Asunción, as everybody knows, is a city of sixty thousand people, and the capital of a republic which enjoyed the rule of a family of hereditary dictators for sixty years; which rule ended in a war wherein four-fifths of the population was wiped out. And since that beginning it has averaged eight revolutions to Mexico's three, has had the joy of knowing seven separate presidents in five years—none of them elected—and now boasts a population approximately two-thirds illegitimate and full of pride in its intellectual and artistic tastes.
Bell and Paula made their way along the cobbled streets away from the river, surrounded by other similarly peasant-seeming folk.
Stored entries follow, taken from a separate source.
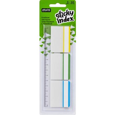 Закладки клейкие пластик 37х50 мм Attache Selection 3 цв. 10 листов + линейка 12см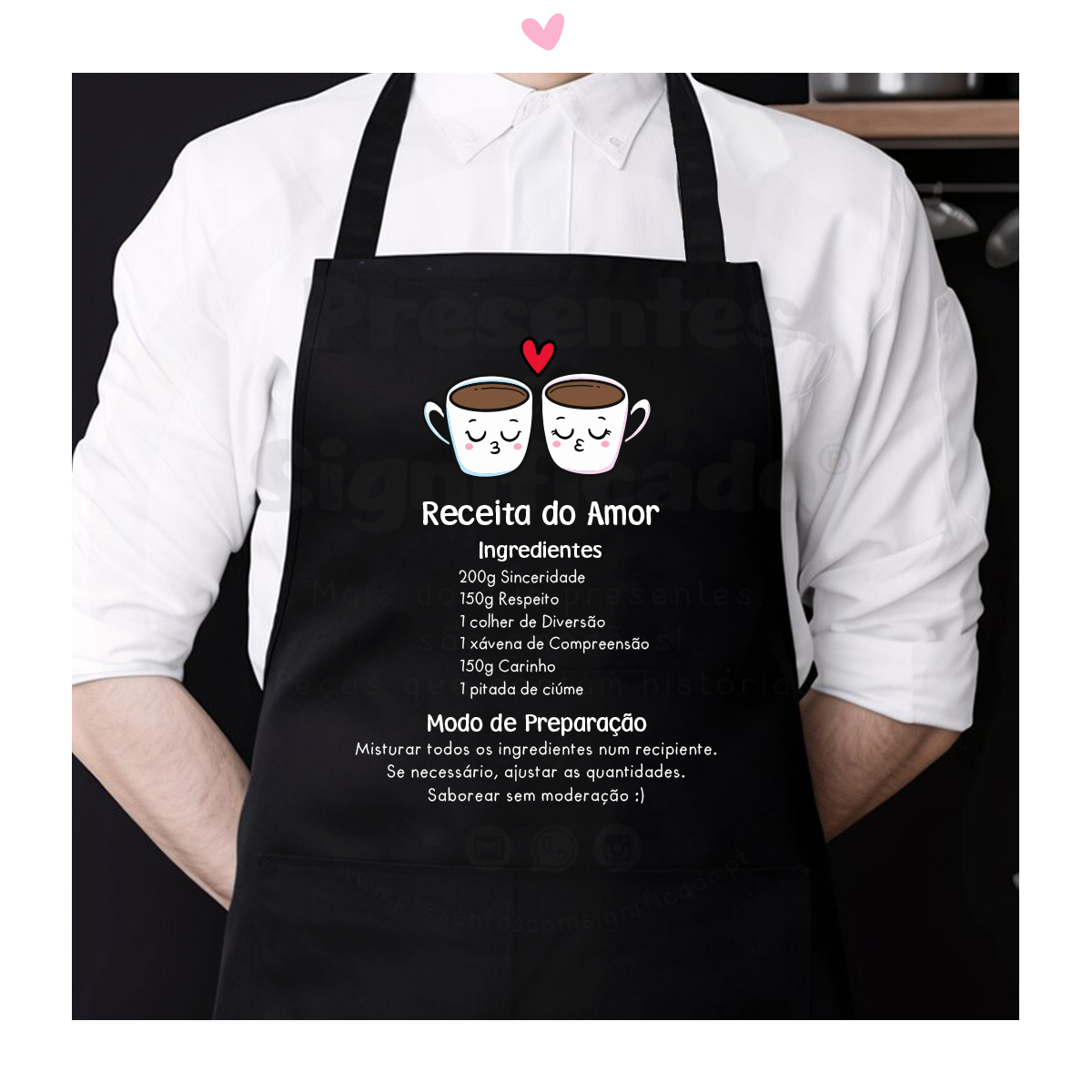 Avental em algodão e poliéster. Com bolso frontal e corte abaixo do joelho. Personalizado c/texto "Receita do amor" Possível personalizar com qualquer outro texto e/ou foto.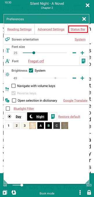 您可以让 Librera 在阅读书籍时始终在屏幕上显示您的书签。它们将在所谓的 Bookmarks Ribbon 中显示在屏幕顶部。当您需要快速添加新书签或在它们之间切换时,这种扩展书签模式应该会派上用场。 我们希望在 Musician's Mode 下运行该应用程序时,音乐家对这个很酷的功能有很高的需求。因此,默认情况下它带有在此模式下启用的功能区。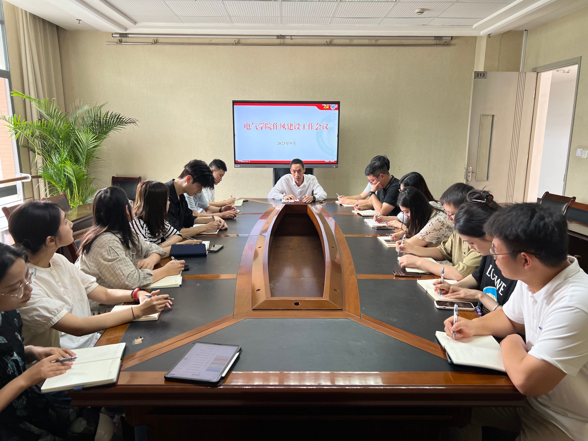 9月4日下午,电气学院召开新学期作风建设工作会议,全体办公室人员参加会议,电气学院党委副书记、纪检委员叶涛主持会议。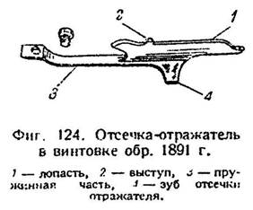 Прицельная колодка имеет две стойки с пятью вырезанными ступенями. Сбоку левой стойки против каждой ступеньки нанесены цифры 4, 6, 8, 10 и 12, соответствующие делениям прицела (в сотнях шагов). Между стойками помещена пружина прицельной рамки, и на ушках на оси 5 закреплена сама прицельная рамка. Прицельная рамка имеет некоторую кривизну, что сделано для более равномерного расположения делений прицела в связи с увеличением прицельной дальности с 2700 до 3200 шагов, введенным в 1910 г. вместе с применением остроконечной пули взамен тупоконечной. Прицельная рамка имеет два продольных гребня с засечками для защелок хомутика и сзади гривку с прорезью для прицеливания. На нижней стороне рамки нанесены цифры от 13 до 32 (четные с левой, нечетные с правой стороны) с промежуточными короткими рисками для установки прицела через каждые 50 шагов. Вследствие того что ствол драгунской винтовки немного короче ствола пехотной, шкала прицела драгунских винтовок несколько иная. Для наружного отличия прицельных рамок пехотных винтовок от драгунских на последних наносилась буква К. Прицельный хомутик перемещается продольными пазами по прицельной рамке и застопоривается в нужном положении защелками. Он имеет посередине окно с прорезью для прицеливания и наблюдения за полем боя. Хомутик пехотной винтовки не имеет выреза на выступе для ограничении передвижения хомутика вниз при вертикально поставленной рамке, так как у пехотной винтовки деления прицела нанесены выше, чем у драгунской. Мушка треугольной формы. Отсечка-отражатель (фиг. 124) в винтовке обр. 1891 г. представляет собою деталь довольно сложной формы и трудную в изготовлении.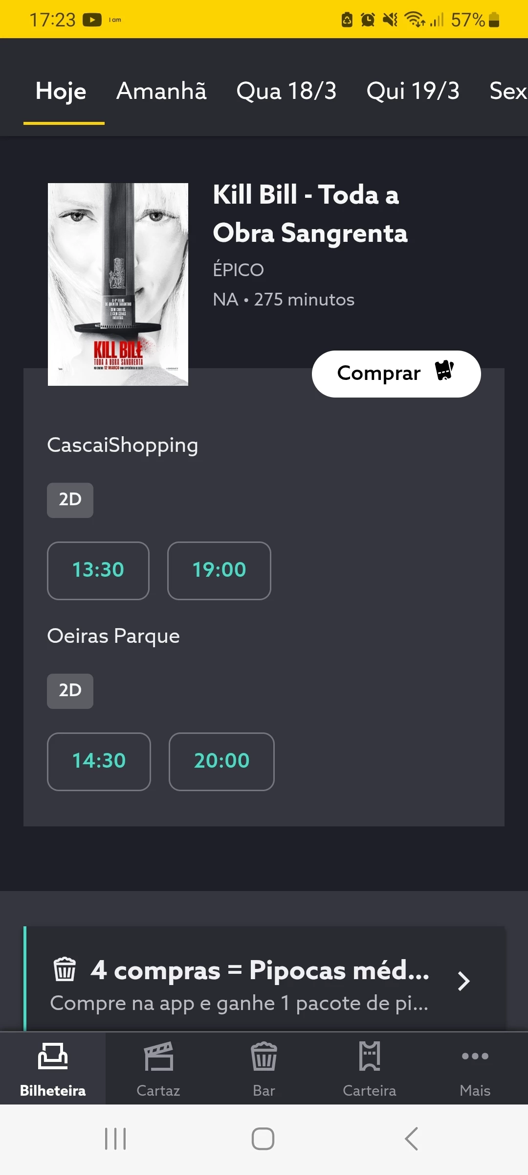 Isso já tenho. A questão é que costuma aparecer todos os filmes em exibição naquelas salas e agora só aparece um filme. Nos dias seguintes também.  Sou só eu com este problema? Vou experimentar desinstalar a app e instalar de novo, talvez funcione...

Bell told her curtly what had happened with the steamer captain.
"It's the devil," he said coldly, "because this whole republic is under The Master's thumb. Except among the peasants we can count on nearly everybody being on the lookout for us, if they so much as suspect we're alive. And they may because I burned their damned fazenda. So...."
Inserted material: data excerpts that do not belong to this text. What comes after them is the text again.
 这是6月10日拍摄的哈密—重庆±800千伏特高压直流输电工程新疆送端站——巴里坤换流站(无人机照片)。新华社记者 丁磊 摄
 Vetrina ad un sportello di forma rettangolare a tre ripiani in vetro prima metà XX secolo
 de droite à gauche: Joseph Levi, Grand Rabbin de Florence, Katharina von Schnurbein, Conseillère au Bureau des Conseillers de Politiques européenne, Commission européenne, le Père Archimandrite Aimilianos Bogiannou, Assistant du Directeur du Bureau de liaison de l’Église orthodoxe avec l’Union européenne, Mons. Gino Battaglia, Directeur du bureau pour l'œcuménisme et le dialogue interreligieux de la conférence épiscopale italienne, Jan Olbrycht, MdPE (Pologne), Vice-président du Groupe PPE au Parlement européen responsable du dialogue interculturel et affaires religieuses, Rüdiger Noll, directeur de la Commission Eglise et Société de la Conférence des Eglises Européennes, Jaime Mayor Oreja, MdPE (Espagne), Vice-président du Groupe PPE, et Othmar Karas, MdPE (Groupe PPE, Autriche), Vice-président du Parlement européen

Paula smiled at him, rather wanly.
"What are you going to do, Charles?"
"Get a boat," said Bell curtly. "One with three or four men, if I can. If I can buy it with the skipper's money, I will. But I can't take you to go bargaining. It would look suspicious."
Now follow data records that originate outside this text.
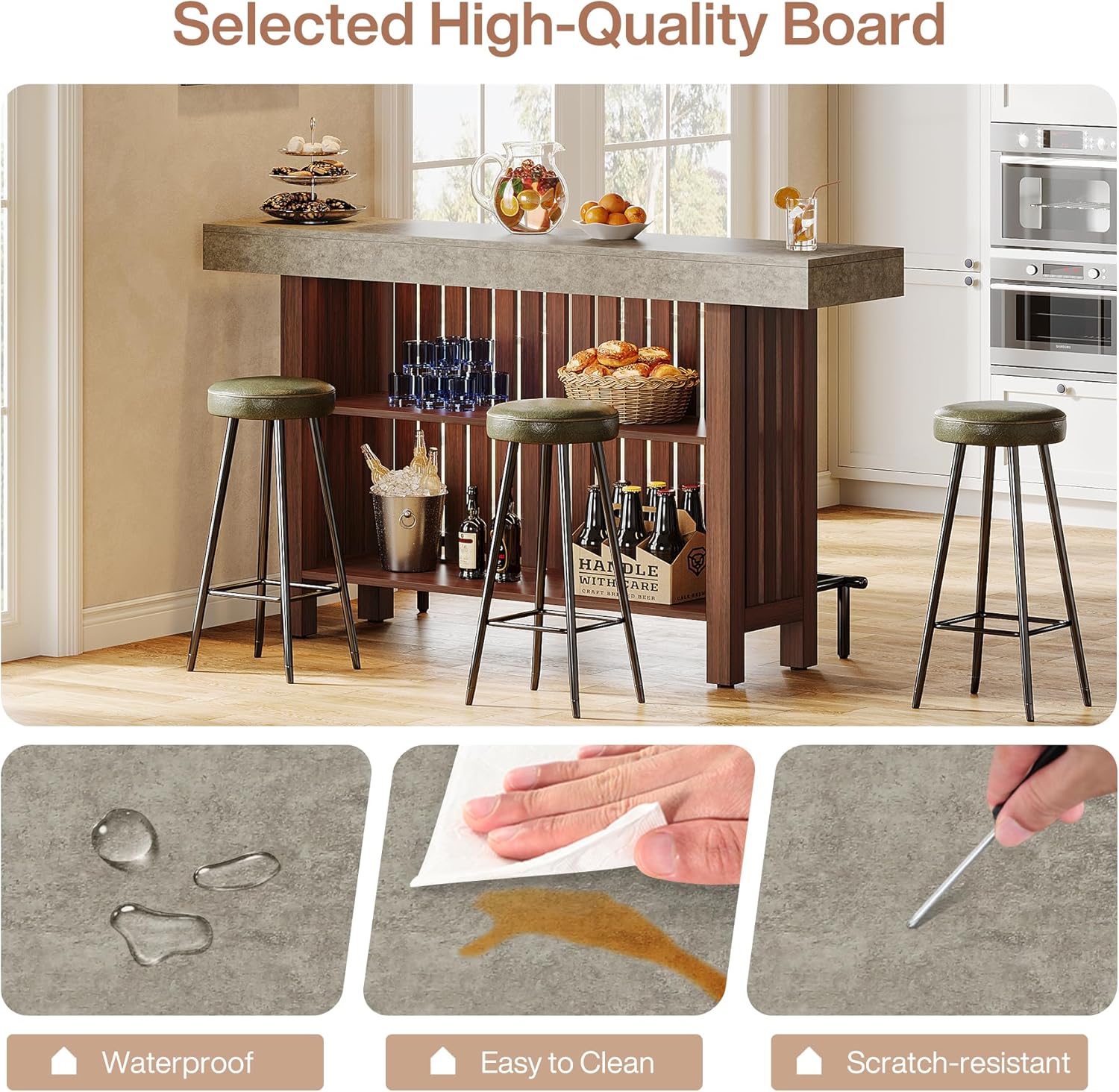- Sturdy and Strong Build: Exuding quality and longevity, this home bar table is expertly crafted using 3.97" thickened panels and a robust frame, while the sturdy footrest is furnished with adjustable foot pads for additional stability. The open-shelf approach adds an aesthetic appeal while ensuring that your items are kept securely, thanks to the side guardrails to prevent accidental falls.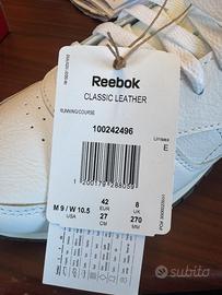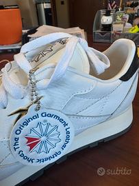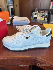 Bellissime Reebok classic leather bianche cin dettagli scuri in pelle. Ricevute in regalo ma del numero sbagliato. NUOVE E MAI INDOSSATE, con ancora csrtellini attaccati e cinfezione originale. Spedisco in tutta italia con corriere tracciato con contributo di €1. Poco trattabile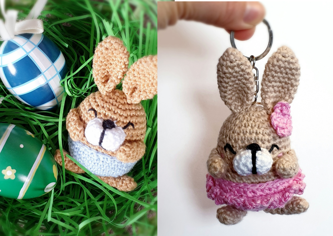 Crochet little bunnies for Easter or as a key ring. Also a cute cuddle friend crocheted with velvet wool. You can also crochet them for a mobile and bring them to the baby shower as a gift.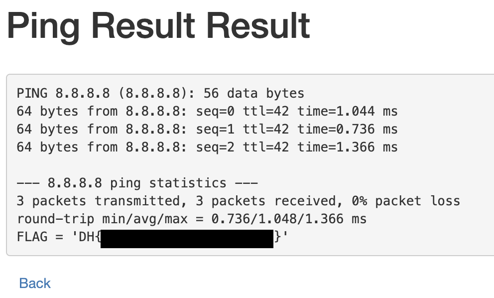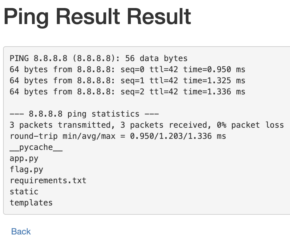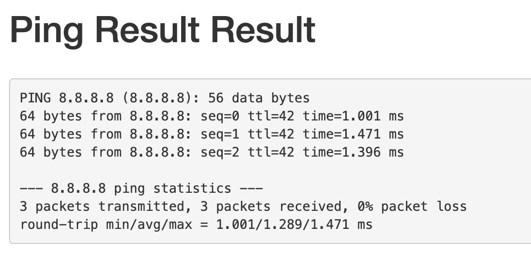 input에 8.8.8.8를 넣어서 Ping! 버튼을 클릭하니, 위와 같은 결과를 얻을 수 있었다.

They had reached the central plaza of the town. The market swarmed with brown skinned folk and seemed to overflow with fruits. A man was unconcernedly shoveling oranges out of a cart with a shovel, as if they had been so much coal. A market woman as unconcernedly dropped some of the same golden fruit within a small pen where a piglet awaited a purchaser. To the left, there were rows of unshaded stalls where the infinitely delicate handmade Paraguayan lace was exposed for sale.
"I—think," said Paula, "I think I will go in the cathedral. I will be very devout, Charles, and you will find me there when you return. I will be safe there, certainly."
He walked with her across the crowded plaza. He should have known that your peasant does not stride with head up, but regarding the ground. That a man who works heavily droops his shoulders with weariness at the end of a day. And especially he should have realized that Paraguay is not, strictly speaking, a Latin-American nation. It is Latin-Indian, in which the population graduates very definitely from a sub-stratum of nearly or quite pure Indian race to an aristocracy of nearly or quite pure Spanish descent, and that the color of a man's skin fixes his place in society. Both Bell and Paula were too light of skin for the peasant's clothes they wore. They aroused curiosity at once. If it was not an active curiosity, it was nevertheless curiosity of a sort.
But Bell left her in the shadowy, cool interior of the cathedral which seems so pitifully small to be the center of religion for a nation. He saw her move toward one of the little candle-lit niches in the wall and fall quite simply on her knees there.
And he moved off, to wander aimlessly down to the river shore and stare about and presently begin a desultory conversation with sleepy boatmen.
It was three hours and more before he returned to the Cathedral, and Paula was talking to someone. More, talking to a woman in the most discreet of mantilla'd church-going costumes. Paula saw him in the doorway, and uttered a little cry of relief. She came hurrying to him.
"Charles! I have found a friend! Isabella Ybarra. We were schoolmates in the United States and she has just come back from Paris! So you see, she cannot—"
"I see," said Bell very quietly.
Paula was speaking swiftly and very softly.
"We went to school together, Charles. I trust her. You must trust her also. There is no danger, this time. Isabella has never even heard of The Master. So you see...."
"I see that you need someone you can trust," said Bell grimly. "I found that the captain of the steamer had gone to The Master's deputy here. While I was talking to some boatmen a warning was given to look out for a man and woman, together, who may try to buy a boat. We're described, and only the fact that I was alone kept me from being suspected. Police, soldiers—everybody is looking out for us. Paraguay's under The Master's thumb more completely than any other nation on the continent."